Last Updated: February 2020. Author: Alcohol & Drug Abuse Programs, Vermont Department of Health

People may be identified as potentially needing substance abuse treatment in many different places such as primary care practices substance use disorder treatment providers, hospitals, emergency departments, and mental health practitioners.

The wide variety of places where substance use disorders are identified highlight the importance of coordinating care for those who may need help.

When an individual is identified by a provider as needing treatment for a substance use disorder (addiction), it can be difficult to get the individual to seek treatment. This may be due to a variety of perceived roadblocks such as the time it takes to access treatment, lack of transportation, inability to find childcare, etc. The most frequently cited reason for individuals not initiating treatment is the belief of the lack of a problem so treatment is perceived as unnecessary. Like other chronic diseases such as diabetes or heart disease, the sooner an individual seeks treatment, the more likely the person is to recover. Individuals with substance use disorders need to know where to get help (access), initiate treatment, and stay in treatment for long enough to recover (engagement). Providers can help by offering screening in their offices and talking with patients about substance use.
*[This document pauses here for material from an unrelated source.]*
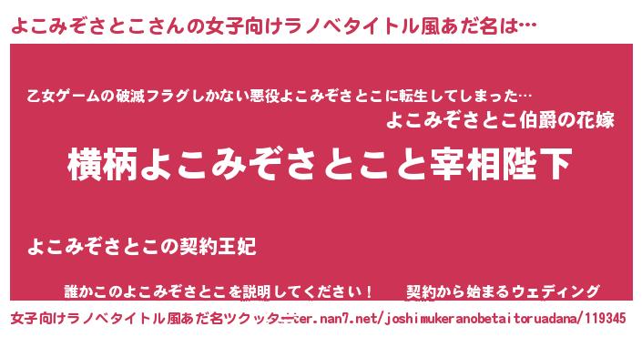 | 意味不明あだ名 | 『住所不定無職よこみぞさとこ(98歳)』 |

  • Primary Care Practices
  • Hospital emergency departments and inpatient programs
  • Medicaid beneficiaries and families
  • Community Providers – such as Licensed Alcohol & Drug Counselors (LADCs) and mental health practitioners
  • ADAP Preferred Providers
  • Recovery Centers
  • AHS Departments (Department of Vermont Health Access, Vermont Department of Health Division of Alcohol and Drug Abuse Programs, Department Children and Family, Department of Corrections, Department of Disability, Aging and Independent Living, Department of Mental Health)

What Works

The following list highlights some of the strategies and best practices to improve initiation and engagement of alcohol and other drug treatment in clinical and community settings

  • Strengthen the substance use disorder referral and evaluation systems at the community-level
  • Increase the capacity to treat all substance use disorders in the community
  • Continue expansion of the Rapid Access to Medication Assisted Treatment (RAM) initiative statewide
  • Strengthen partnerships between healthcare and recovery support services, such as the Recovery Coaches in Emergency Departments initiative
  • Build relationships to improve communication and collaboration around referrals
  • Strengthen peer support services and build connections for individuals to access those services
  • Development of workforce with training in alcohol and drug abuse through partnerships with local colleges and universities
  • Establish policies and procedures to assess and treat all clients at risk for or experiencing a substance use disorder that incorporate principles of harm reduction and the social determinants of health
  • Establish and integrate principles of harm reduction and the social determinants of health into all new and existing programs that address substance use across the system (e.g., needle exchange programs, naloxone overdose prevention programs)
Action Plan

ADAP, DVHA, and the Blueprint for Health are collaborating on a performance improvement project (PIP) to address the treatment initiation and engagement performance measures. This process involves community level internal and external stakeholders. A PIP is a concentrated effort on a particular issue; it involves gathering information systematically to clarify issues or problems and intervening for improvements.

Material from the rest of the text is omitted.